On Thu, 1 Nov 2007, Ralf Baechle wrote:
> > I'm not sure if this is always a compile-time constant so that you can adorn
> > it with a LL. However, note that this is not a cast, a cast is at runtime.
>
> No. The compiler can evaluate the cast of a constant value at compile
> time and that exactly is what the code is exploiting here.
Except that some versions of GCC "forget" to stop a warning here as
irrelevant after the cast, hence the need for the stupid "#ifdef", sigh...
> > > if (sp >= (long)CKSEG0 && sp < (long)CKSEG2)
> > > usp = CKSEG1ADDR(sp);
> > > #ifdef CONFIG_64BIT
> > > - else if ((long long)sp >= (long long)PHYS_TO_XKPHYS(0LL, 0) &&
> > > - (long long)sp < (long long)PHYS_TO_XKPHYS(8LL, 0))
> > > - usp = PHYS_TO_XKPHYS((long long)K_CALG_UNCACHED,
> > > + else if ((long long)sp >= (long long)PHYS_TO_XKPHYS(0, 0) &&
> > > + (long long)sp < (long long)PHYS_TO_XKPHYS(8, 0))
> > > + usp = PHYS_TO_XKPHYS(K_CALG_UNCACHED,
> > > XKPHYS_TO_PHYS((long long)sp));
> >
> > I'd say this code is broken in way too many aspects:
> > 1. A plethora of casts.
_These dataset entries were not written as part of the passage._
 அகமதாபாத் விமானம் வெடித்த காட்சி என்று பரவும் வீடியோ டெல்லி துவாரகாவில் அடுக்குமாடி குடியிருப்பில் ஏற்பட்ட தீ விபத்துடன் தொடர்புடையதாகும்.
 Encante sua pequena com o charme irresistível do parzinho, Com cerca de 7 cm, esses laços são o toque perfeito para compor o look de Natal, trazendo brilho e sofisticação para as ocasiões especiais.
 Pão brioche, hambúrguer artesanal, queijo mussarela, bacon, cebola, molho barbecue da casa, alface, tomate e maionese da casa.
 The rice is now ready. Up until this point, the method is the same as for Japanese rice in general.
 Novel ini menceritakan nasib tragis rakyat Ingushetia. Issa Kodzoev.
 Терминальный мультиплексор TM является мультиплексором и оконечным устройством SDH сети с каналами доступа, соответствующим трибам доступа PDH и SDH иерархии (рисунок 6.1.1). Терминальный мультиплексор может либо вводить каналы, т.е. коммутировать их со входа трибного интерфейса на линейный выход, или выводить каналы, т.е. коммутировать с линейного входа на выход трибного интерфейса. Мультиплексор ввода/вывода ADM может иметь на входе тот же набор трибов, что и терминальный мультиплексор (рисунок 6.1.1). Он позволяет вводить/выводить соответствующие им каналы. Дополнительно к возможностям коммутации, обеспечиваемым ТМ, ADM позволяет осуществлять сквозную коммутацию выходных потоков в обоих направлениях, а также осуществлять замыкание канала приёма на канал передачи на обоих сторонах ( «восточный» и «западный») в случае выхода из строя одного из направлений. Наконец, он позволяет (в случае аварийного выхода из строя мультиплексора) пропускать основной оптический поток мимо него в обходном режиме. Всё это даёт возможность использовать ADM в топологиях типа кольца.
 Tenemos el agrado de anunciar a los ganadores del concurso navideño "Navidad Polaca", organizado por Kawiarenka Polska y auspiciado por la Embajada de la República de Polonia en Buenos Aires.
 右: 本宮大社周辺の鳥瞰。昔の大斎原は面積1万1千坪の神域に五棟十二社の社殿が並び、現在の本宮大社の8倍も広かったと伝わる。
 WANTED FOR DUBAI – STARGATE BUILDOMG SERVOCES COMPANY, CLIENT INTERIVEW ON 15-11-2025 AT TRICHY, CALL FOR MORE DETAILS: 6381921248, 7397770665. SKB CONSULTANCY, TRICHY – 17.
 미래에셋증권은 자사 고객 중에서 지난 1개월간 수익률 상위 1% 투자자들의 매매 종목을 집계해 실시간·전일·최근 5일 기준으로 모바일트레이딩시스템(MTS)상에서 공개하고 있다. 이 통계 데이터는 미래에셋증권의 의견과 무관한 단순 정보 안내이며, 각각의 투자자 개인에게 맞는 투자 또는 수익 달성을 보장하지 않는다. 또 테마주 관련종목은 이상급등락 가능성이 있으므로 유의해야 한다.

PHYS_TO_XKPHYS() should return a physical address
> > (i.e. 32 or 64 bits unsigned integer) already, so casting its result should
> > not be necessary.
>
> No argument about the beauty of the whole thing.
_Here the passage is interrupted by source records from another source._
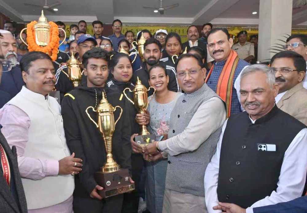 मुख्यमंत्री विष्णु देव साय ने आज राजधानी रायपुर स्थित मेडिकल कॉलेज परिसर में ऑल इंडिया फ़ॉरेस्ट स्पोर्ट्स मीट में लगातार 13वीं बार ओवरऑल चैंपियन बनने वाले छत्तीसगढ़ के विजेता खिलाड़ियों से मुलाकात की। उन्होंने सभी खिलाड़ियों को इस शानदार उपलब्धि के लिए हार्दिक बधाई एवं शुभकामनाएं दी। मुख्यमंत्री साय ने खिलाड़ियों का उत्साहवर्धन करते हुए कहा कि अपने उत्कृष्ट प्रदर्शन से उन्होंने छत्तीसगढ़ का मान पूरे देश में ऊंचा किया है और उनकी यह उपलब्धि पूरे प्रदेश के लिए गर्व का विषय है।
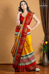 Saffron Yellow Pure Tussar Silk Saree with Hand Block Print and Zari Border
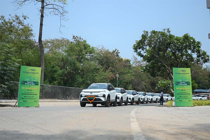 बिलासपुर 27 अप्रैल 2025। साउथ ईस्टर्न कोलफील्ड्स लिमिटेड (एसईसीएल) मुख्यालय के रोड परिवहन बेड़े में आज 12 नए इलेक्ट्रिक वाहन (ईवी) शामिल किए गए । इस हेतु मुख्यालय बिलासपुर में आयोजित समारोह में आज एसईसीएल सीएमडी हरीश दुहन द्वारा, एन. फ्रैंकलिन जयकुमार निदेशक तकनीकी (संचालन सह योजना/परियोजना) एवं हिमांशु जैन, मुख्य सतर्कता अधिकारी विभागाध्यक्षों, अधिकारी- कर्मचारी की उपस्थिति में हरी झंडी दिखाकर रवाना किया गया। इन इलेक्ट्रिक वाहनों को तीन वर्षों की अवधि के लिए किराए पर लिया गया है और इन्हें एसईसीएल मुख्यालय में तैनात किया जाएगा। यह पहल एसईसीएल द्वारा अपने मुख्यालय एवं परिचालन क्षेत्रों में ऊर्जा दक्षता को बढ़ावा देने के लिए चलाए जा रहे अभियानों का एक महत्वपूर्ण हिस्सा है।
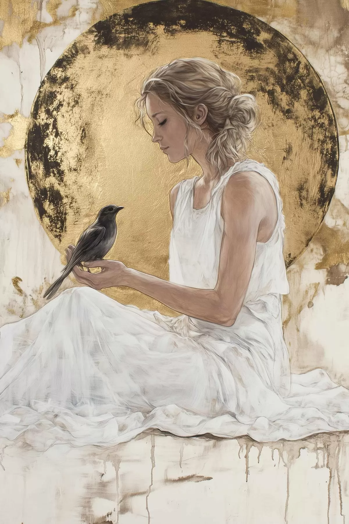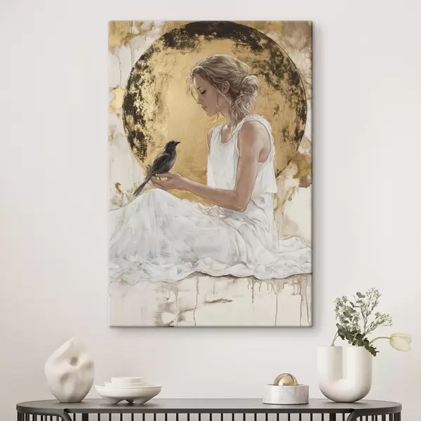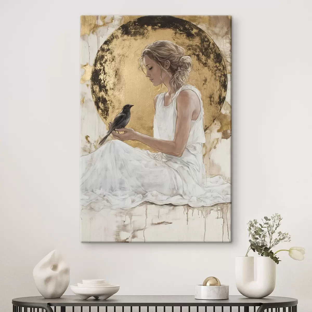 Maalid Ilus naine koos linnuga, Kreeka, akrüülstiilis joonistus Nr s43503
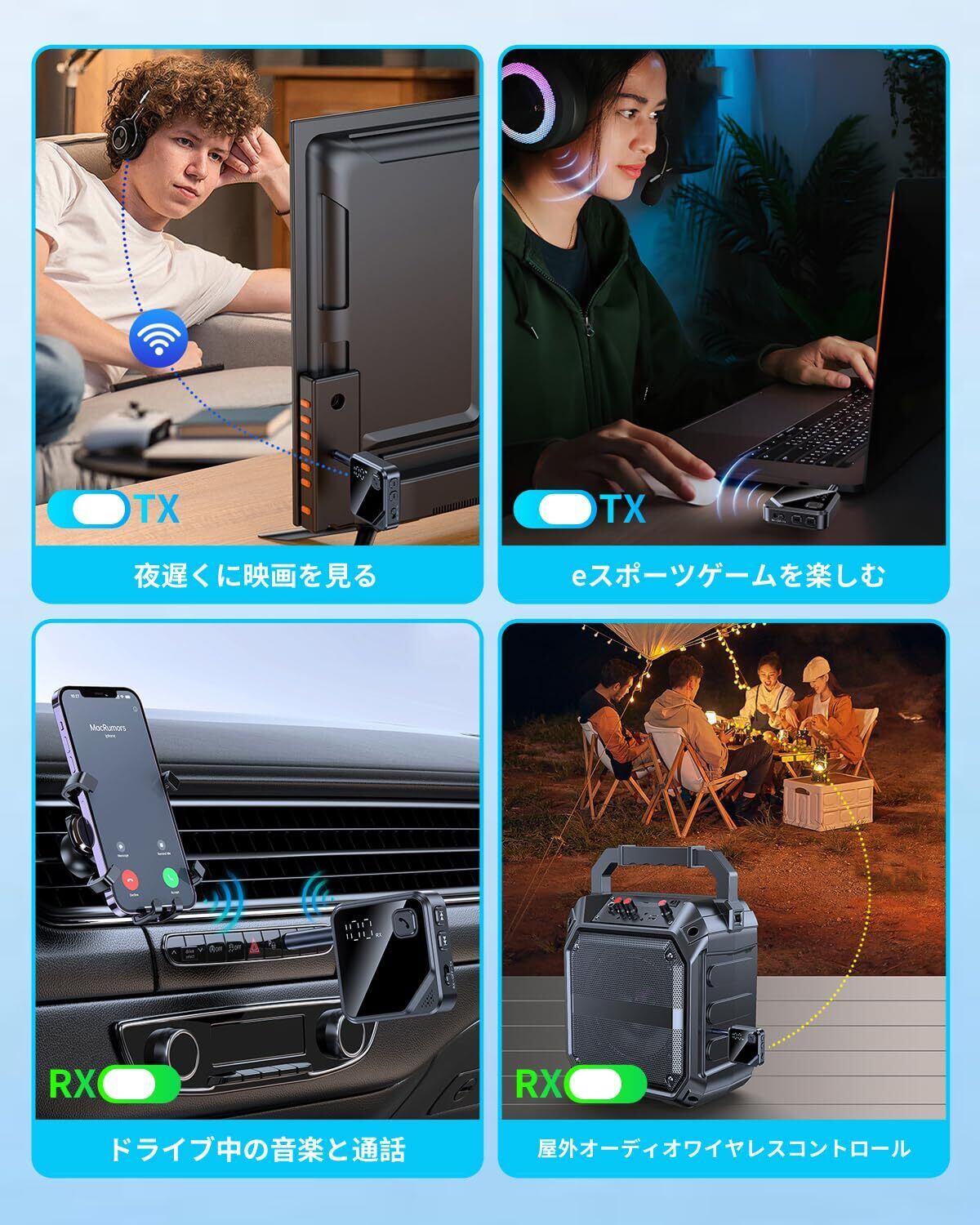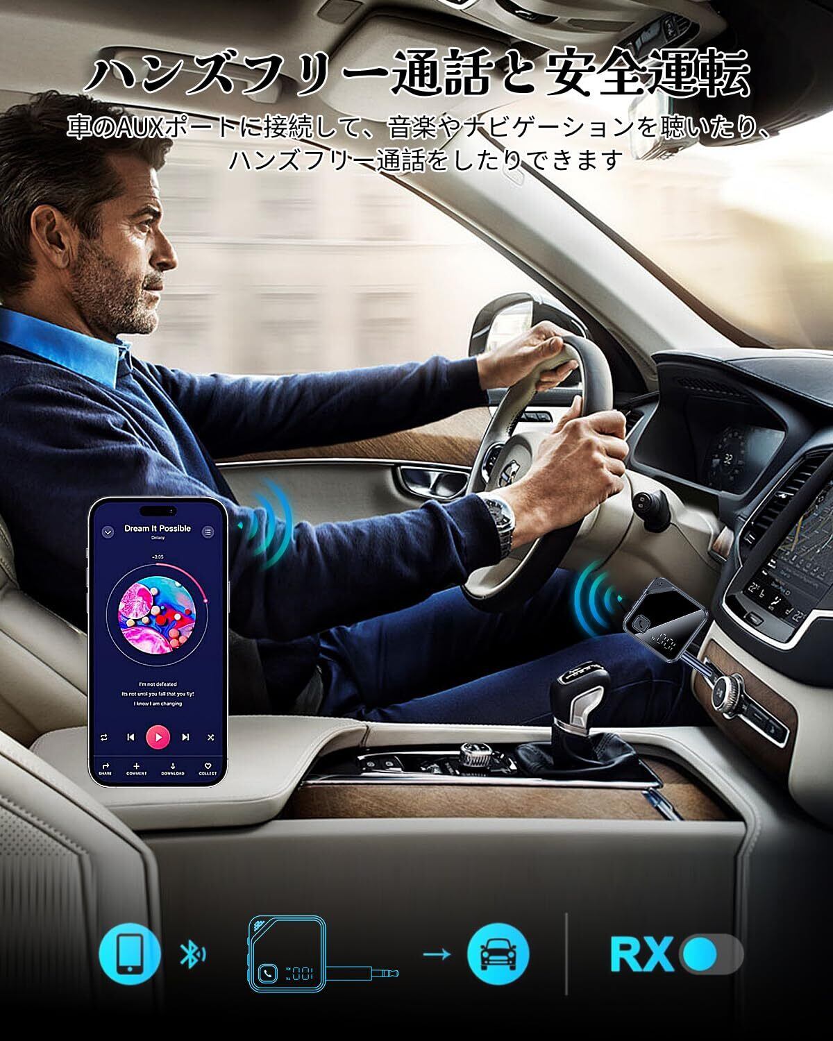 【複数のデバイスと幅広く互換性あり】ブルートゥース トランスミッターレシーバーは互換性が高く、iPhone、Androidスマートフォン、Bluetoothヘッドセット、タブレット、PC、テレビ、ステレオ、カーオーディオ、MP3/MP4、Switchゲームコンソールなど、Bluetooth機能と3.5mmオーディオ出力ジャックを備えたさまざまなデバイスに適しています。 ホームシーンでは、テレビやSwitchなどのゲームコンソールに接続し、周りの人に迷惑をかけずに、夜遅くでもワイヤレスヘッドホンで映画を楽しんだり、ゲームをしたりできます。 車シーンでは、車のAUXインターフェイスをRXモードで接続し、携帯電話のナビゲーションサウンドを車のオーディオから直接再生できるため、携帯電話で曲、ナビゲーション放送、ハンズフリー通話を聴くことができます。昔ながらのオーディオやアンプの場合は、3.5mmオーディオポートに接続し、受信モードをオンにするとBluetoothデバイスになり、音楽の世界に浸ることができます。

The casts were an attempt by myself to shut up GCC warning about
comparisons giving a predictable result because of a limited size of the
data type used. Of course this is no longer true with "long long", but
GCC does not care and warns regardless.
A possible workaround would be using auxiliary variables of the "long
long" type, but I recall it making GCC produce worse code for some cases.
I can check it again, since it has been a while, and if a recent version
of GCC produces reasonable code, then I can try to recheck this approach.
Please note this code changes quite wildly depending on the exact
configuration, so chances are GCC may warn with one, but not another.